GENEVA (Reuters) – The World Trade Organization’s chief on Tuesday called for urgent action on boosting COVID-19 vaccine production in developing countries, saying manufacturing sites could be prepared in six to seven months or less than half the time previously thought.
Ngozi Okonjo-Iweala, a former Nigerian finance minister who was until recently chair of the board of global vaccine alliance GAVI, took on the top job of the global trade watchdog last week. She has said health and vaccine access would be a top priority.
“The fact is that each additional day the vaccine shortage continues, people will pay with their lives,” Okonjo-Iweala said at a two-day summit focused on COVID-19 vaccine production, adding that around 130 countries were still waiting for vaccines.
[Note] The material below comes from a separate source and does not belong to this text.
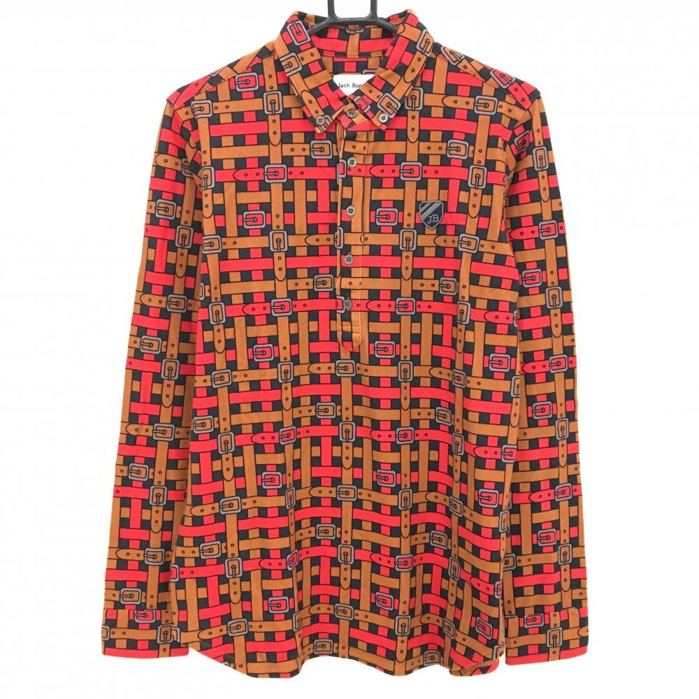 ジャックバニー 長袖ポロシャツ 白×レッド スキーヤー柄 メンズ 6(XL) ゴルフウェア Jack Bunny
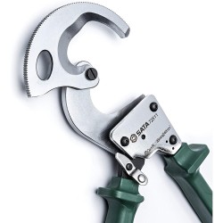 Specialus terkšlinis mechanizmas apsaugo peilius ir pjauna varinius arba aliumininius kabelius iki 240mm²(Ø36mm Cu+Al)

WTO members are due to discuss a possible waiver for intellectual property rights for COVID-19 drugs on Wednesday that could allow producers in more countries to begin manufacturing shots.
However, talks are currently deadlocked with several wealthy countries opposing the waiver, saying it would undermine the expensive research that allowed the production of COVID-19 vaccines in the first place.
Okonjo-Iweala said pandemic-related export restrictions had fallen in recent months, urging countries to drop or reduce the remaining ones or set timelines for their phase-out to help minimise problems in the vaccine supply chain.